Data extract:
▬▬▬▬▬▬
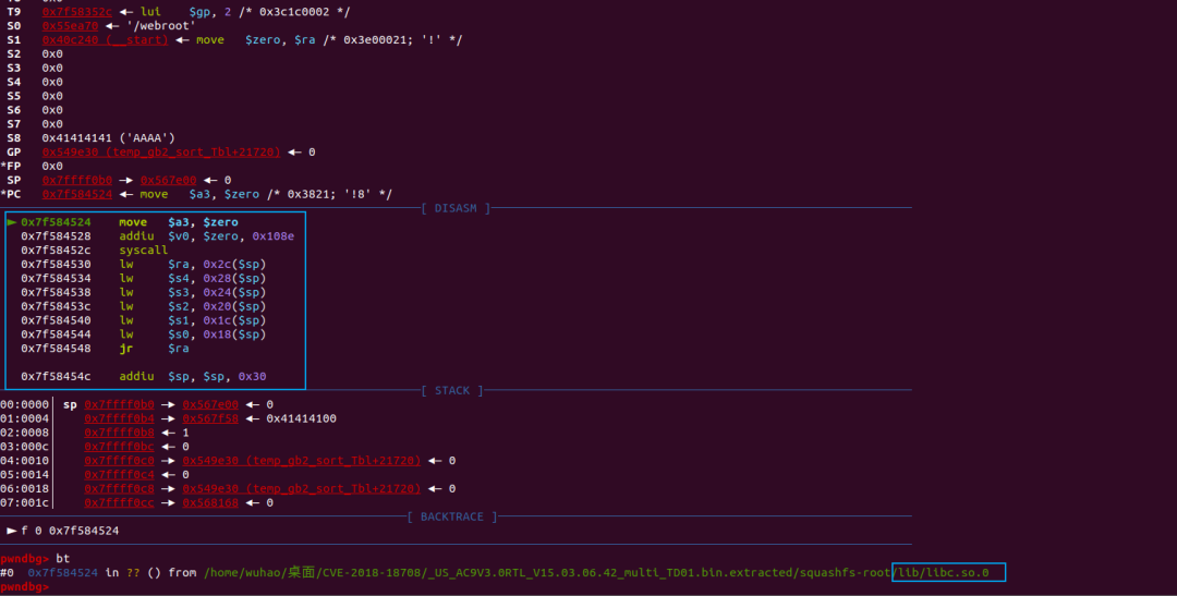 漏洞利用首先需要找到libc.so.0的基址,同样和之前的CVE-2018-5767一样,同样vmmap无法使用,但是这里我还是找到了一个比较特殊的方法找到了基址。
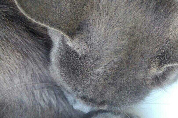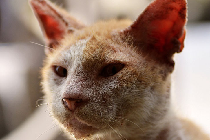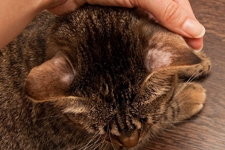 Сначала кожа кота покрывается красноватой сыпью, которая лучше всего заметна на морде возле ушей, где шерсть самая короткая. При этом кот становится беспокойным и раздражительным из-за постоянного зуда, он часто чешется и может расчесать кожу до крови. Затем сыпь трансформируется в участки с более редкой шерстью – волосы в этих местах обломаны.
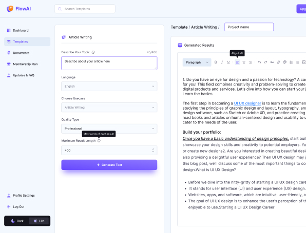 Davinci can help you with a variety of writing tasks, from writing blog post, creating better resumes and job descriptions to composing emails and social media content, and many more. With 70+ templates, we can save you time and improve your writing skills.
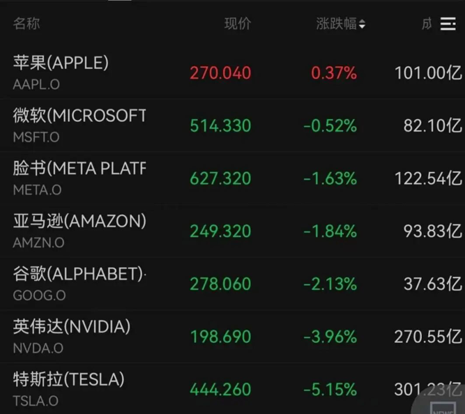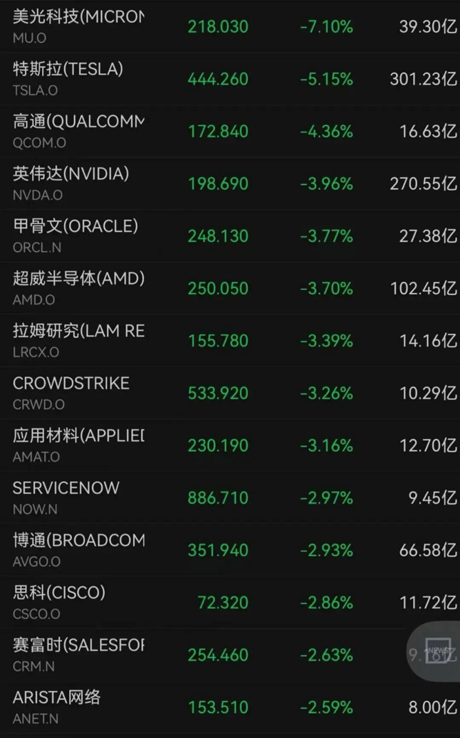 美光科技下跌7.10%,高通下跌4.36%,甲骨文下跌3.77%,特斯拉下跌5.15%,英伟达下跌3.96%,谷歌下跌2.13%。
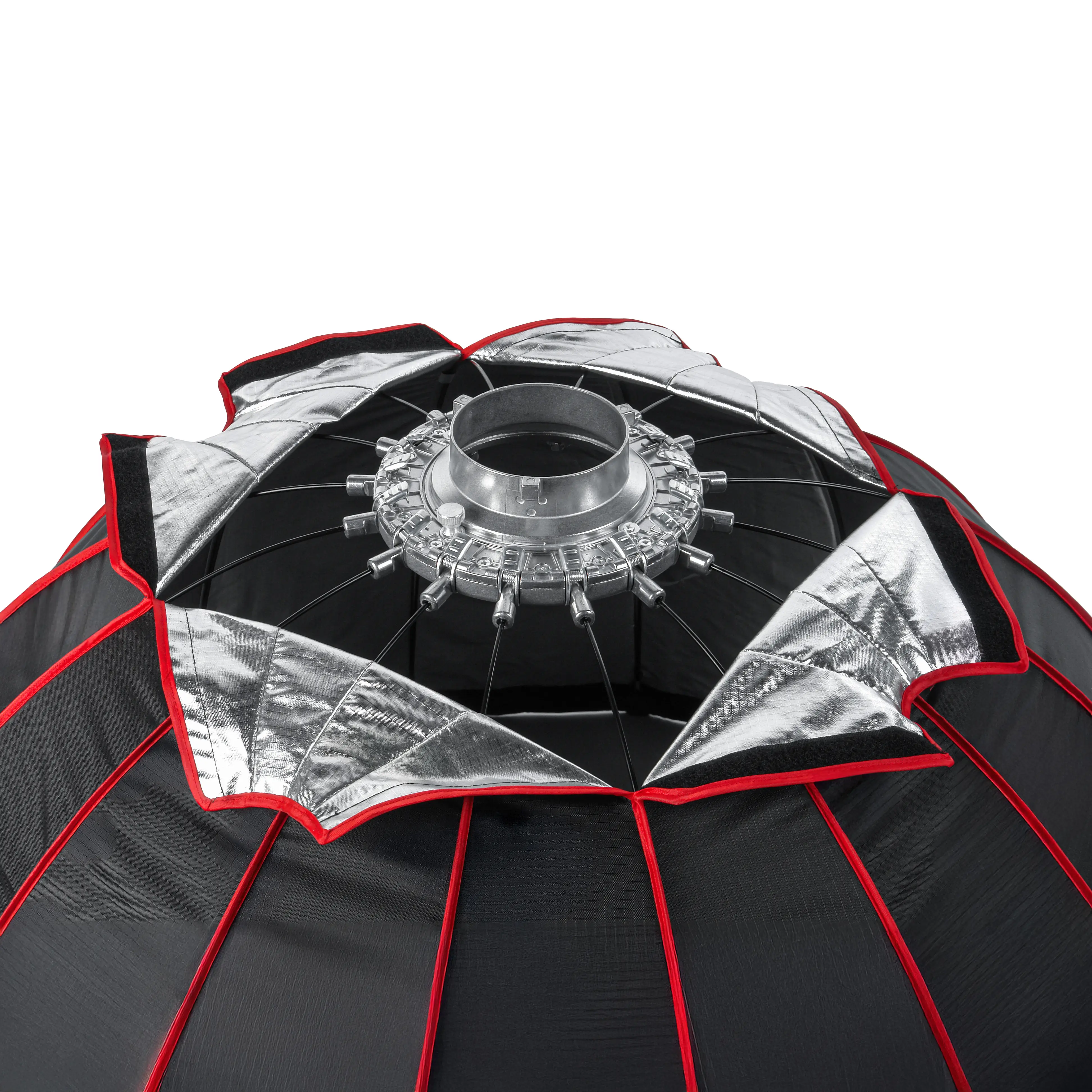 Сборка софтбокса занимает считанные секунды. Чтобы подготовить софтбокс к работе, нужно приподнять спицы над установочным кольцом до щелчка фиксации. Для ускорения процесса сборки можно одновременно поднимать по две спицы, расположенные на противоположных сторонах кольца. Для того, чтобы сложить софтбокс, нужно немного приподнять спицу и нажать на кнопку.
▬▬▬▬▬▬
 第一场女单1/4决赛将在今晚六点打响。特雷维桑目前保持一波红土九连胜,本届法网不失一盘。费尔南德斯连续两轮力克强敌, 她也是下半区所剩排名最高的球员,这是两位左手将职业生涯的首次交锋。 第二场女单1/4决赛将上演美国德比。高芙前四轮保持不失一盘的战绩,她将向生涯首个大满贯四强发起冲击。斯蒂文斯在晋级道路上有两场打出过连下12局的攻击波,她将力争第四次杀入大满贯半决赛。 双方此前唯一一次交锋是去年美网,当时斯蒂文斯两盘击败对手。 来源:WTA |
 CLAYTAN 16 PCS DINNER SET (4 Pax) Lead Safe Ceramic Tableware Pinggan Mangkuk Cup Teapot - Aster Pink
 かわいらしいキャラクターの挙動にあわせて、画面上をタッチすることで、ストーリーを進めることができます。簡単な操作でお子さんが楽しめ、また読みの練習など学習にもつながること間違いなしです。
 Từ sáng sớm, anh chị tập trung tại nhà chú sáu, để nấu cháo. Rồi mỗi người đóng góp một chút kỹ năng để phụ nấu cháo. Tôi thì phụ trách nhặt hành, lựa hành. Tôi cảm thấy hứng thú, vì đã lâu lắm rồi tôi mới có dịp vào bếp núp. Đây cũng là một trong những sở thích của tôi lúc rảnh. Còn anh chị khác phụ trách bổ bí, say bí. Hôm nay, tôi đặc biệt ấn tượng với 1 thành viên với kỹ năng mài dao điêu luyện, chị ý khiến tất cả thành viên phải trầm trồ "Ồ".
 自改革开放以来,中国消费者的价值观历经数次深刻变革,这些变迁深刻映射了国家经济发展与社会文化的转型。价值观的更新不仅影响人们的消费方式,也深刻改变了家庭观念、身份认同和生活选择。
▬▬▬▬▬▬
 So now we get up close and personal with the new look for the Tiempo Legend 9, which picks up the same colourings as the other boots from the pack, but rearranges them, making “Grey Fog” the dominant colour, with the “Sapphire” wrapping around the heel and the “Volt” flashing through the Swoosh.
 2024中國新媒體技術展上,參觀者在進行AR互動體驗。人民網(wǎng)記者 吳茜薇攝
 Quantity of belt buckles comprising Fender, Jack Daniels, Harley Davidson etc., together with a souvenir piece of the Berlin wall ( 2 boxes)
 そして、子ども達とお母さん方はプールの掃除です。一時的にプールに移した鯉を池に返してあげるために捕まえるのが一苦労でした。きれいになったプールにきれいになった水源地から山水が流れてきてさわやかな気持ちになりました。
▬▬▬▬▬▬
Scan the records above for the lines holding "かわいらしいキャラクターの挙" and "自改革开放以来,中国消费者的". Transcribe those two and every line between them word for word, and no others.

 かわいらしいキャラクターの挙動にあわせて、画面上をタッチすることで、ストーリーを進めることができます。簡単な操作でお子さんが楽しめ、また読みの練習など学習にもつながること間違いなしです。
 Từ sáng sớm, anh chị tập trung tại nhà chú sáu, để nấu cháo. Rồi mỗi người đóng góp một chút kỹ năng để phụ nấu cháo. Tôi thì phụ trách nhặt hành, lựa hành. Tôi cảm thấy hứng thú, vì đã lâu lắm rồi tôi mới có dịp vào bếp núp. Đây cũng là một trong những sở thích của tôi lúc rảnh. Còn anh chị khác phụ trách bổ bí, say bí. Hôm nay, tôi đặc biệt ấn tượng với 1 thành viên với kỹ năng mài dao điêu luyện, chị ý khiến tất cả thành viên phải trầm trồ "Ồ".
 自改革开放以来,中国消费者的价值观历经数次深刻变革,这些变迁深刻映射了国家经济发展与社会文化的转型。价值观的更新不仅影响人们的消费方式,也深刻改变了家庭观念、身份认同和生活选择。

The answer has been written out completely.